↓↓↓

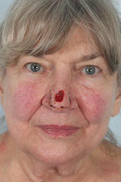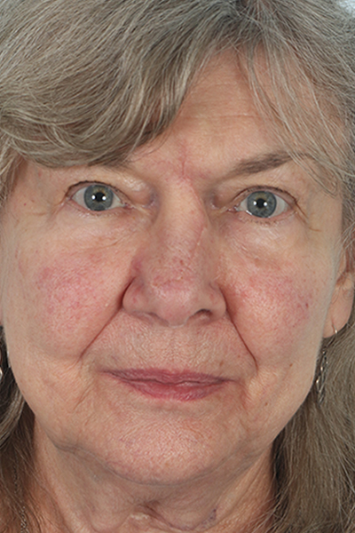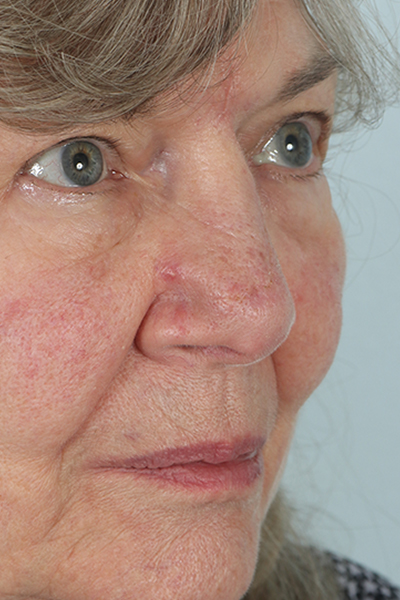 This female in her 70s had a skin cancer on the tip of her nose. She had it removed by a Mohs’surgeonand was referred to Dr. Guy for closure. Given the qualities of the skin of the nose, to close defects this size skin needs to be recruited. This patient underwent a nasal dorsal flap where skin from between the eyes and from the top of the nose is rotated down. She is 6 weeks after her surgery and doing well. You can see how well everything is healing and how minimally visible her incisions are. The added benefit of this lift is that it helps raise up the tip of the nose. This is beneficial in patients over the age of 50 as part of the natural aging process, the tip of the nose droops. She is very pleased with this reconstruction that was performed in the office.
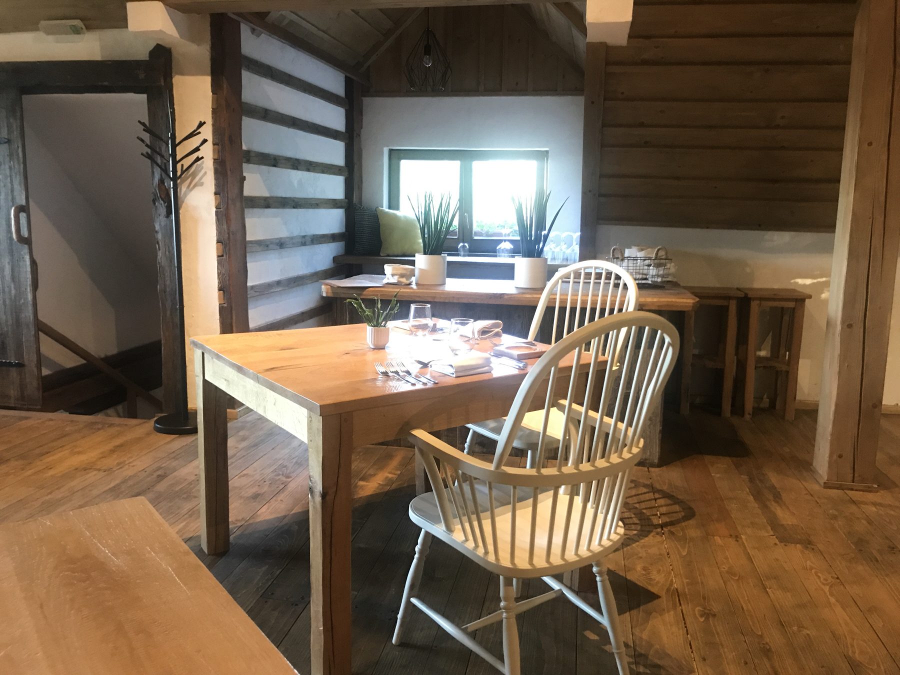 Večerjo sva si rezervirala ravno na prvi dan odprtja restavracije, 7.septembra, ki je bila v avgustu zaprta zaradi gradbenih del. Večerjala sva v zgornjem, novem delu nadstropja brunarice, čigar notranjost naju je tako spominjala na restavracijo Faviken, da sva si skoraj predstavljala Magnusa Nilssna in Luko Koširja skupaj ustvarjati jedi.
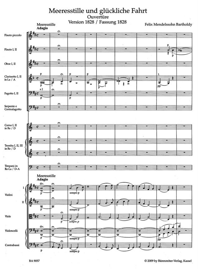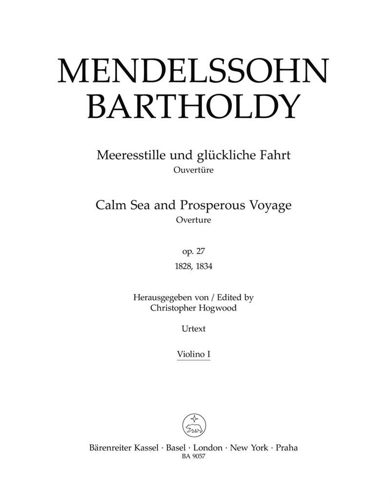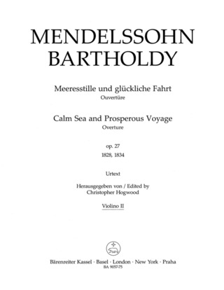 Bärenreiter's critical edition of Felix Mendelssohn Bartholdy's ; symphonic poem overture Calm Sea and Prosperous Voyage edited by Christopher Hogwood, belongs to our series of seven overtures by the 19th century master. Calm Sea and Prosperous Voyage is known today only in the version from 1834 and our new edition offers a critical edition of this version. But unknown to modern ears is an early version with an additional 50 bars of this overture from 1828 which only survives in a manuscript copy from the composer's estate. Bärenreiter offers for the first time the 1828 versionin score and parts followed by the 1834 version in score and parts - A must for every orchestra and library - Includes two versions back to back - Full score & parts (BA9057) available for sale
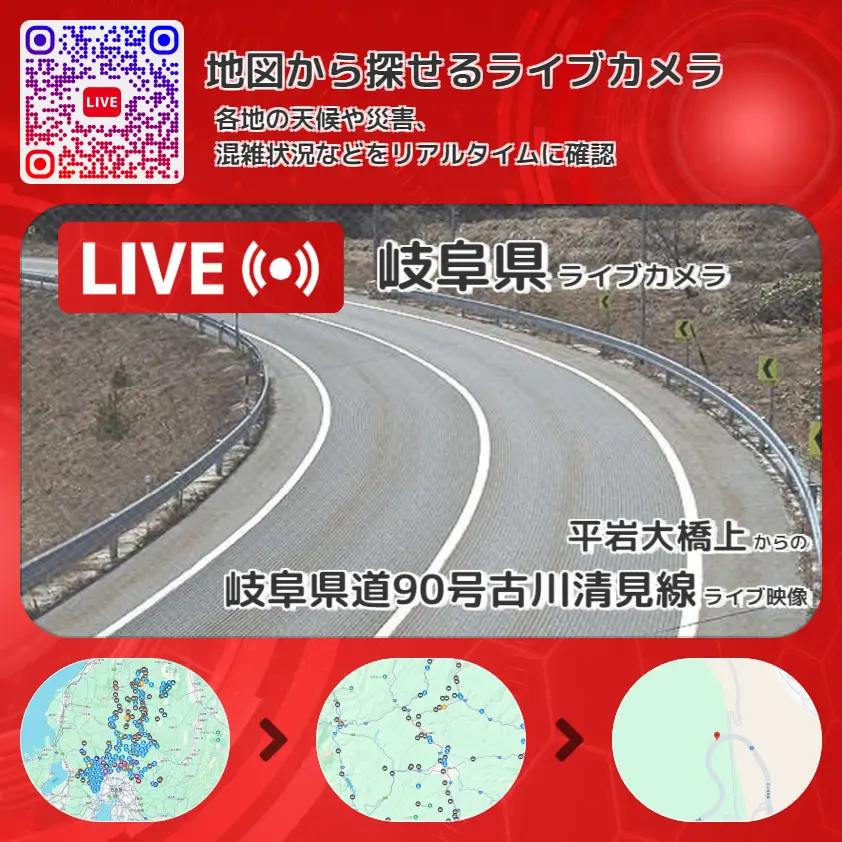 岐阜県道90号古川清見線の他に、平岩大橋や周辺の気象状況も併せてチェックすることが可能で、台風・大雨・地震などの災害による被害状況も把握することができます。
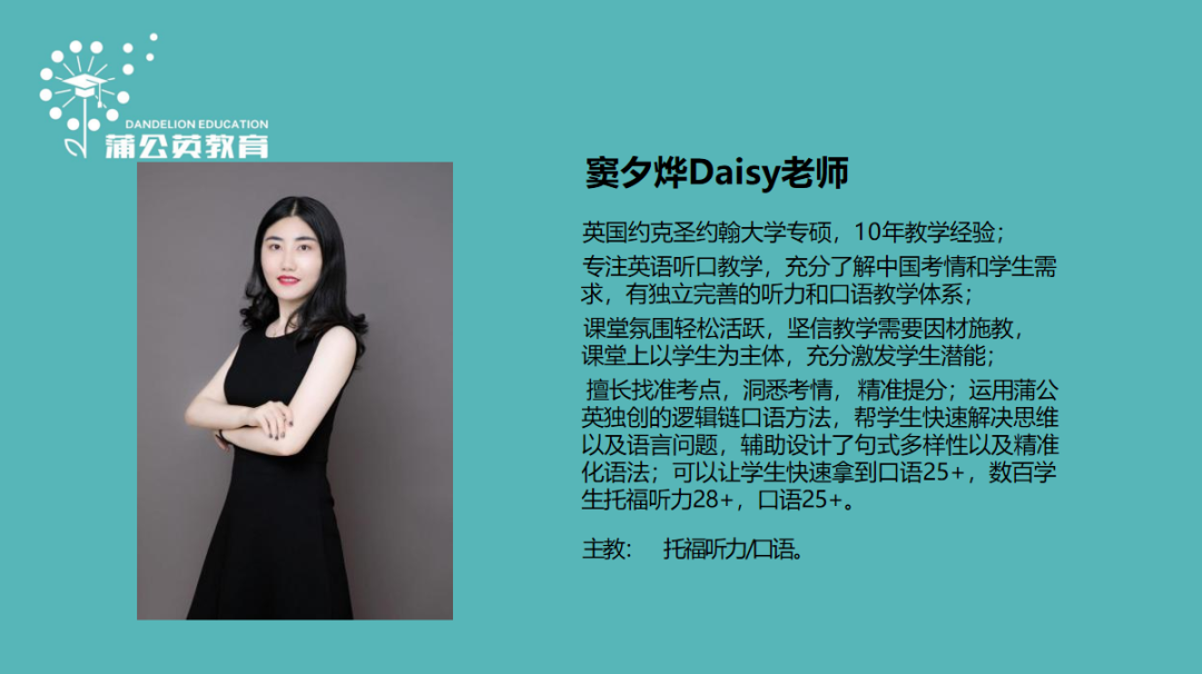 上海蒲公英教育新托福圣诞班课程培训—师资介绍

↑↑↑
↓↓↓

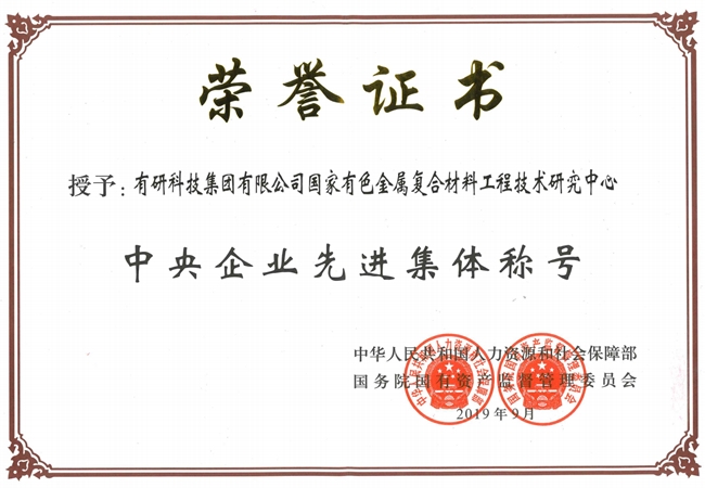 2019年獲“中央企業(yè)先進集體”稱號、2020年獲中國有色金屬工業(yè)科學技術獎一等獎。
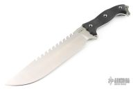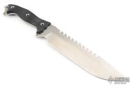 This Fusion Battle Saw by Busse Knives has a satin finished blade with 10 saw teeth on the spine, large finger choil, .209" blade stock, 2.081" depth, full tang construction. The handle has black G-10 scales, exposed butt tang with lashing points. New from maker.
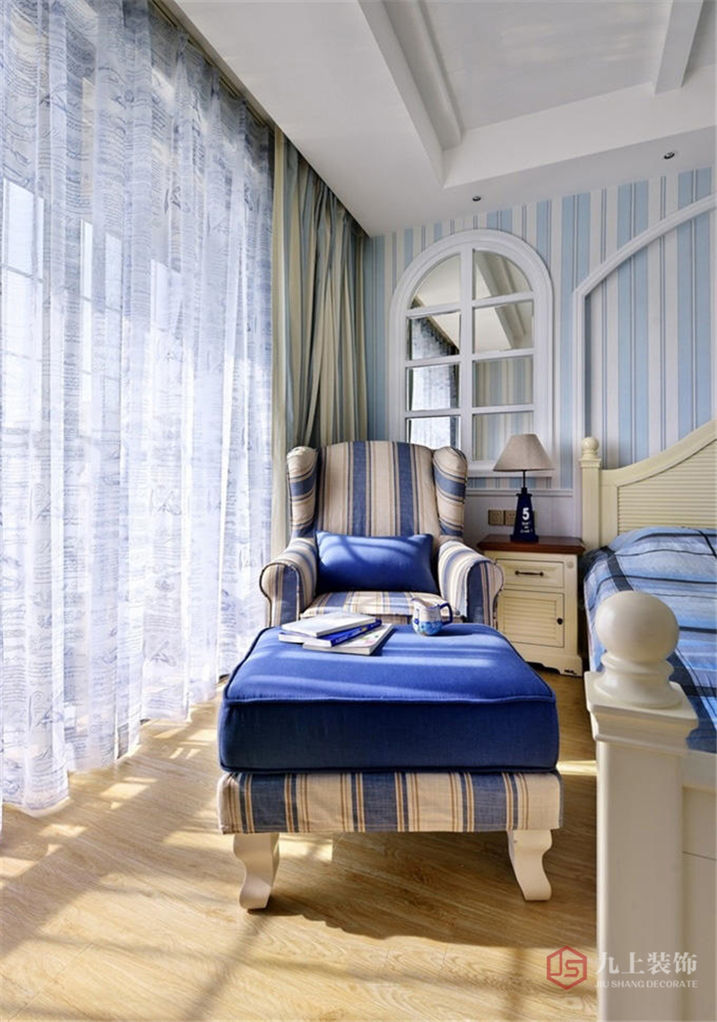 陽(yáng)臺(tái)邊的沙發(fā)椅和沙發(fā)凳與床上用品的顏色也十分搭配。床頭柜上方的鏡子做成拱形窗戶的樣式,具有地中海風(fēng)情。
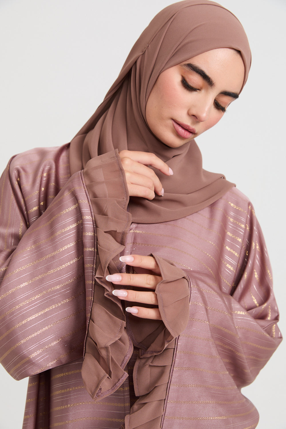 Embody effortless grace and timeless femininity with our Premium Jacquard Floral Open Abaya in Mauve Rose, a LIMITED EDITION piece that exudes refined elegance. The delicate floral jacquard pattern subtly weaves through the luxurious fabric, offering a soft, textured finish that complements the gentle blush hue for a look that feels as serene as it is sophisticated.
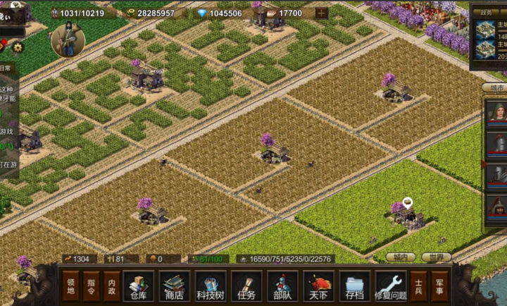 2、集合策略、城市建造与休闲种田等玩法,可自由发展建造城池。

↑↑↑

WHAT YOU HAVE TO DO: In the records above, find the line with "陽(yáng)臺(tái)邊" and the line with "2、集合策略、城市建造与休闲种田等玩法,可自由发展建造城池。". Write out exactly those lines and every one between, with no pictures and no other lines.

FINISHED EXERCISE:
 陽(yáng)臺(tái)邊的沙發(fā)椅和沙發(fā)凳與床上用品的顏色也十分搭配。床頭柜上方的鏡子做成拱形窗戶的樣式,具有地中海風(fēng)情。
 Embody effortless grace and timeless femininity with our Premium Jacquard Floral Open Abaya in Mauve Rose, a LIMITED EDITION piece that exudes refined elegance. The delicate floral jacquard pattern subtly weaves through the luxurious fabric, offering a soft, textured finish that complements the gentle blush hue for a look that feels as serene as it is sophisticated.
 2、集合策略、城市建造与休闲种田等玩法,可自由发展建造城池。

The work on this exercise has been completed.